Patriotism versus Nationalism? 4

Emmanuel Macron, the president of France, declares himself to be a patriot.

But not a nationalist.

“Patriotism,” he says, “is the opposite of nationalism.”

To his mind, patriotism is good, nationalism is bad.

He emphatically expresses his own patriotism, saying at various times:

Long live the Republic, long live France.

France is back.

France is a strong, wealthy country.

Our language, history, and civilization shine out across every continent.

I bring the spirit of French conquest.

He believes that France has reason to be proud – but not the French.

Not those who incarnate “the spirit of French conquest”.

For the French to be proud of being French would be nationalism. And nationalism is bad for two reasons:

First, because not just the indigenous French live in France.

Second, because France is only one of the 28 countries in the European Union.

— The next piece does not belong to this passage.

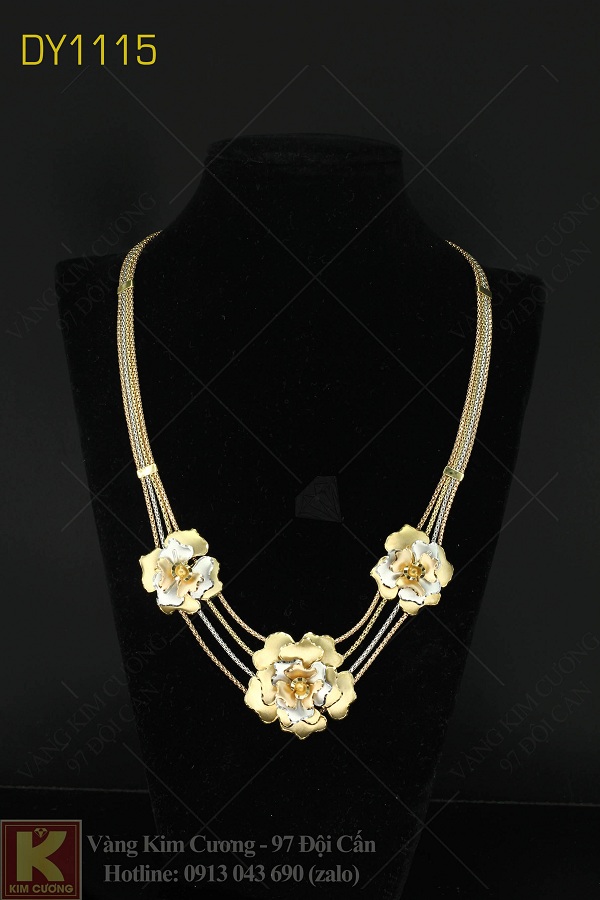 Dây chuyền tam hoa: Mỗi bông hoa mang một màu sắc khác nhau, quy tụ lại một gốc, ngụ ý cho sự đoàn kết, tương trợ, người sở hữu chiếc dây chuyền này không chỉ hạnh phúc, xinh đẹp, yêu kiều mà còn vô cùng mạnh mẽ, thu hút

If you are a citizen of one of those countries, you can like the country you live in, you can be proud of it. That makes you a patriot. Good. But you may not like it better than the other 27 countries. If you do, you are a nationalist. Bad.

Macron declares:

We are a continent of refugees, and if you say we can’t integrate refugees, that’s not consistent with our values, even if borders cannot be wide open. 

I want to be the president of all the people of France, for the patriots facing the threat of nationalism.

My responsibility will be to unite all the women and men ready to take on the tremendous challenges which are waiting for us, and to act.

He wants to unite them because very many of them – indigenous French citizens of France – still want France to be their country, not a country of refugees. They do not want the millions of (mainly Muslim) immigrants from the weak, poor Third World coming to live among them not to become French, but to benefit from the freedom and wealth  – which the French have attained through long centuries with their blood, sweat and tears – while keeping their own languages and customs, and even their own law. 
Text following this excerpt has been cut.